James Maurici (instructed by the Treasury Solicitor) appeared on behalf of the First Defendant

Timothy Jones and Jack Smythe (instructed by Hereford Council) appeared on behalf of the Second Defendant

(Approved by the court)

MR JUSTICE SULLIVAN

Introduction

2

This is an application under section 288 of the Town and Country Planning Act 1990 (“the 1990 Act”) to quash a decision of an inspector appointed by the first defendant to determine the claimant's appeal against the decision of the second defendant to refuse planning permission for the development of what was described in the application form as a “total care village” for the elderly on land off Faraday Road, Hereford (“the site”).
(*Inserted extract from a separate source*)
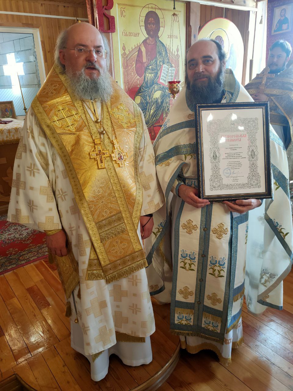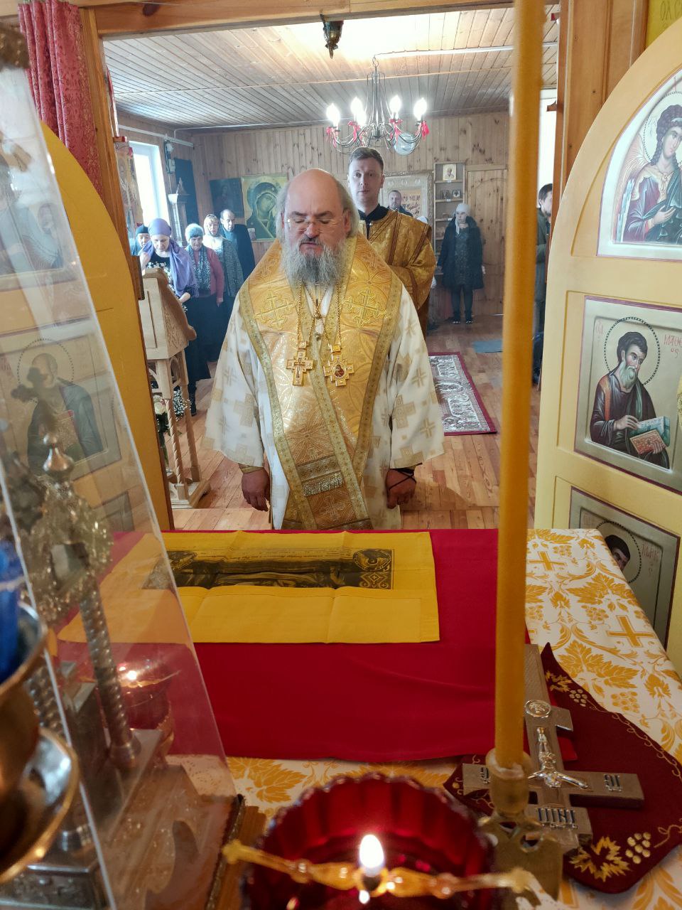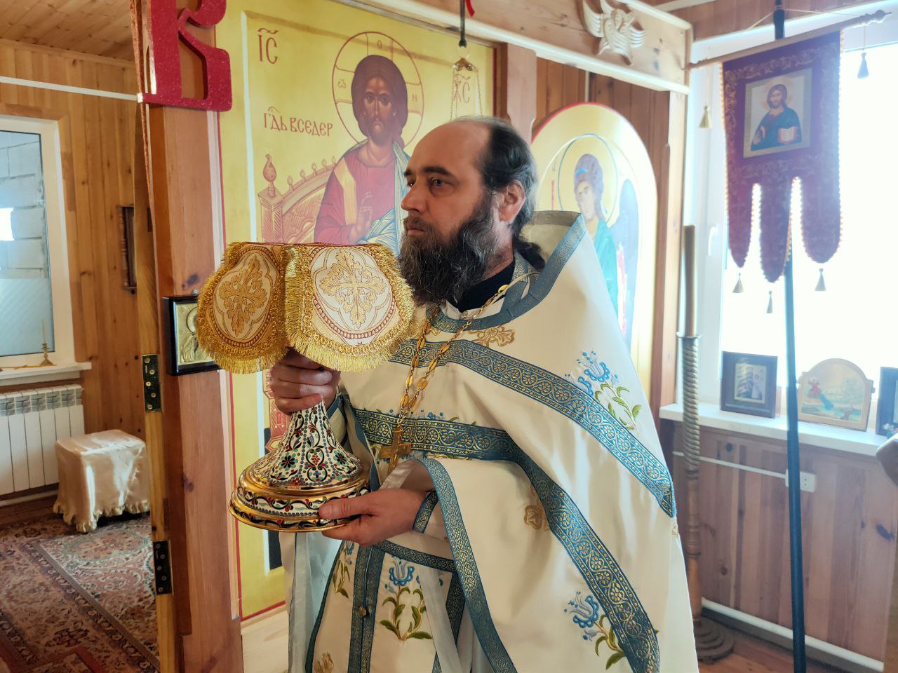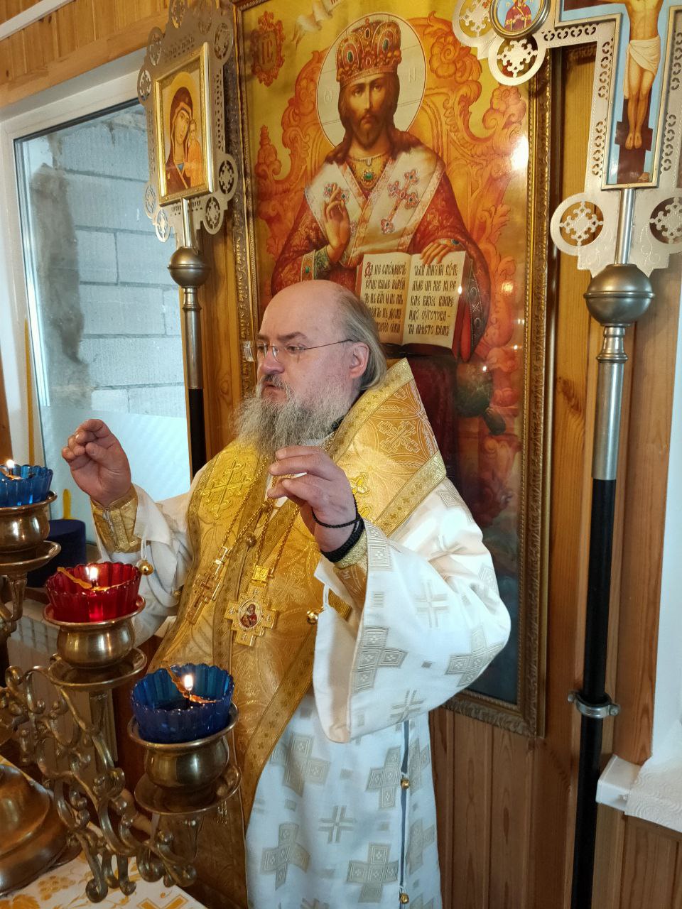 Преосвященному владыке сослужили: протоиерей Дмитрий Сахаров – настоятель прихода, протоиерей Антоний Хатунцев, диакон Евгений Ковригин, иеродиакон Виталий (Павленко) и диакон Вадим Ваньков.

The Inspector's decision is contained in a decision letter dated 17th May 2007 and followed an inquiry held on 24th to 26th April 2007 and a site visit made on 26th April 2007.

The decision letter

3

In paragraph 2 of the decision letter the Inspector identified three main issues:

“… first whether the site should be retained for employment uses, secondly whether the proposal would provide satisfactory living conditions for future residents because of risk of odour and whether that factor might prejudice future operations at a nearby chicken processing plant, and thirdly whether the proposal should make any provision for affordable housing.”

4

The Inspector resolved the second issue in favour of the claimant.

5

In respect of the first issue, the Inspector concluded in paragraph 15 of the decision letter:

“… that the site should be retained for employment (Class B) development because of its suitability and the apparent demand, and that the proposal would therefore conflict with UDP policy E5. For the reasons given I do not believe that the site has no realistic prospect of employment development and so the proposal would also conflict with RPG proposal PA6.”

6

In respect of the third issue, the claimant contended that the proposed development fell within Class C2 in the Town and Country Planning (Use Classes) Order 1987 (“the Use Classes Order”) and that there was therefore no need to make any provision for affordable housing. The second defendant accepted that the nursing home and residential retirement home elements of the “total care village” were not to be regarded as dwellings and so did not give rise to any policy requirement to provide an element of affordable housing. However, the second defendant contended that the remaining element of the total care village, 100 assisted living units, should be regarded as dwellings so that provision should be made for affordable housing. The Inspector agreed with the second defendant and concluded in paragraph 33 of the decision letter that:

“… the proposal should make provision for affordable housing and, because it does not, it conflicts with policy H9, as well as national policy in PPS 3.”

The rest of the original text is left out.